GE に関する基本的な記事として、次の記事が公開されている。

| #    | 記事                                                       | 概要                   |
| ---- | ------------------------------------------------------------ | ---------------------- |
| 1    | [Welcome](https://docs.greatexpectations.io/docs/)           | 概要                   |
| 2    | [Getting started with Great Expectations](https://docs.greatexpectations.io/docs/tutorials/getting_started/tutorial_overview) | チュートリアル         |
| 3    | [Glossary of Terms](https://docs.greatexpectations.io/docs/glossary) | 用語集                 |
| 4    | [Customize your deployment Great Expectations](https://docs.greatexpectations.io/docs/reference/customize_your_deployment) | 利用するための考慮事項 |
| 5    | [Explore Expectations](https://greatexpectations.io/expectations/) | Expectation 一覧       |
| 6    | [Community Page • Great Expectations](https://greatexpectations.io/community) | コミュニティ関連       |
| 7    | [Case studies from Great Expectations](https://greatexpectations.io/case-studies/) | ケーススタディ         |



GE を利用する基本的な手順は次のようになっている。データに対する品質保証条件を Expectations として定義に基づき、データソースへの検証を行い、検証結果をドキュメント化することができる。

1. セットアップ
2. データへの接続
3. Expectations の作成
4. データの検証


検証できるデータソースには次のものがある。

- SQLAlchemy 経由によるデータベース
- Pandas Dataframe
- Spark Dataframe

データソースごとに利用できる Expection が異なり、次のドキュメントにて整理されている。

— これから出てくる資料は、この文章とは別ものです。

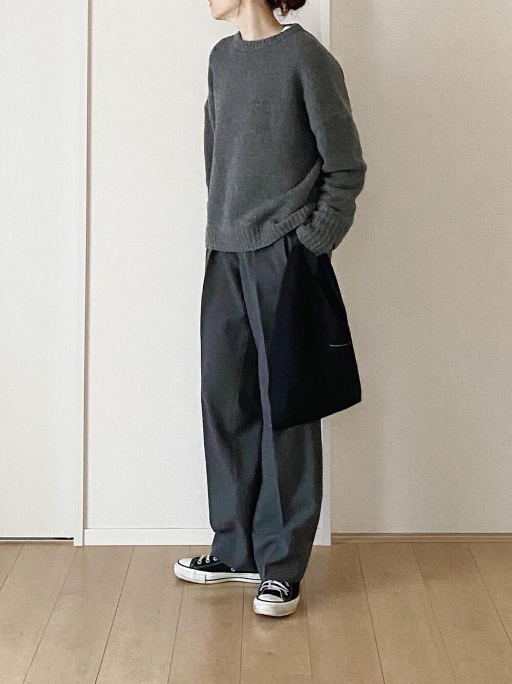 グレー×黒の ツートンコーデ。 シンゾーンのスラックスが 優秀すぎる。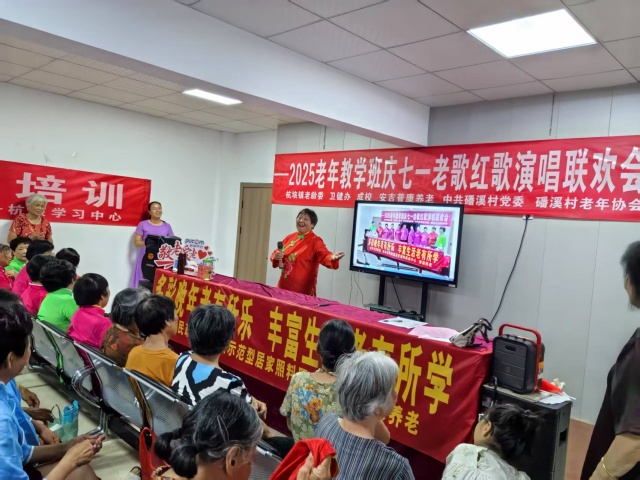 活動(dòng)在磻溪村老年協(xié)會(huì)會(huì)長(zhǎng)饒根寶老師熱情洋溢的主持中拉開(kāi)序幕。舞臺(tái)上,老年學(xué)員們風(fēng)采不減當(dāng)年,《東方紅》的旋律莊嚴(yán)響起,《沒(méi)有共產(chǎn)黨就沒(méi)有新中國(guó)》的合唱鏗鏘有力,《毛主席偉大共產(chǎn)黨恩大我們福大》等一首首鐫刻著時(shí)代記憶的經(jīng)典紅歌接連唱響。整場(chǎng)活動(dòng)共演繹18個(gè)精彩節(jié)目,激昂的歌聲在學(xué)堂內(nèi)久久回蕩,熱烈的掌聲一次次將現(xiàn)場(chǎng)氣氛推向高潮。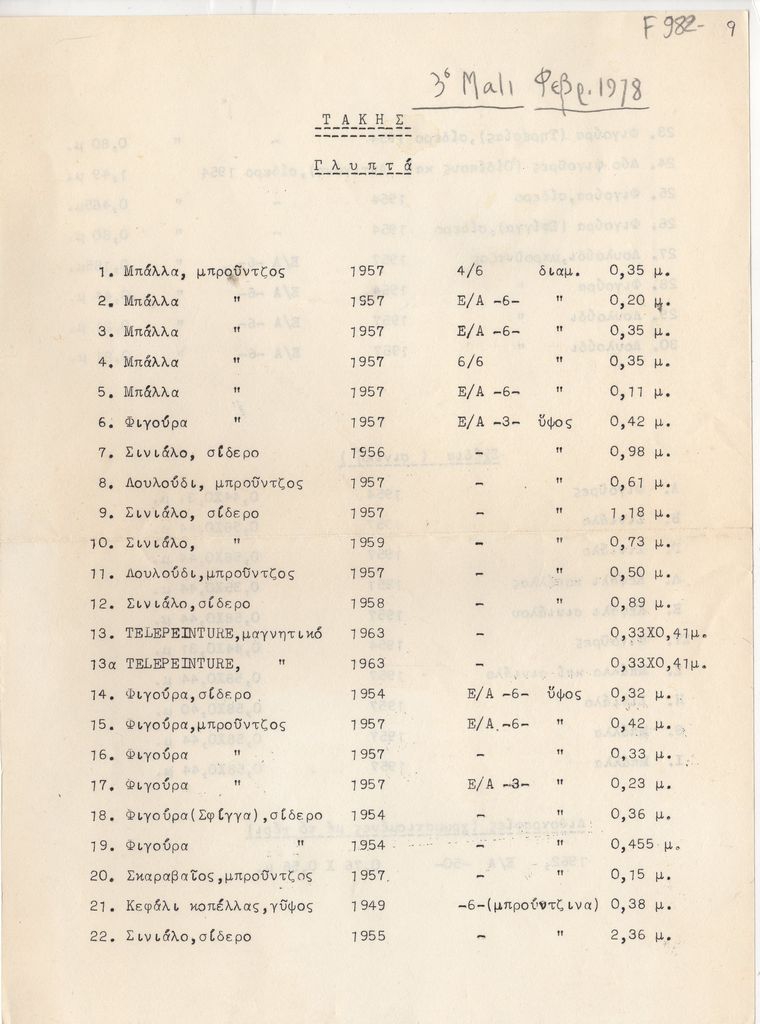 Κατάλογος, δακτυλόγραφο, χαρτί, 28,5×21 εκ., στα ελληνικά, έργων του Τάκη (Παναγιώτη Βασιλάκη).

- [Expectation implementations by backend | Great Expectations](https://docs.greatexpectations.io/docs/reference/expectations/implemented_expectations/)

GE を利用する方法として、CLIによる方法とノートブック型環境による方法がある。ノートブック型環境による方法を実施する際には、次のドキュメントが参考となる。

-   [How to instantiate a Data Context without a yml file](https://docs.greatexpectations.io/docs/guides/setup/configuring_data_contexts/how_to_instantiate_a_data_context_without_a_yml_file/)
-   [How to quickly explore Expectations in a notebook | Great Expectations](https://docs.greatexpectations.io/docs/guides/miscellaneous/how_to_quickly_explore_expectations_in_a_notebook/)
-   [How to pass an in-memory DataFrame to a Checkpoint | Great Expectations](https://docs.greatexpectations.io/docs/guides/validation/checkpoints/how_to_pass_an_in_memory_dataframe_to_a_checkpoint/)


データ検証後に、ドキュメントを作成するだけでなく、次のような [Action](https://docs.greatexpectations.io/docs/terms/action) を設定可能。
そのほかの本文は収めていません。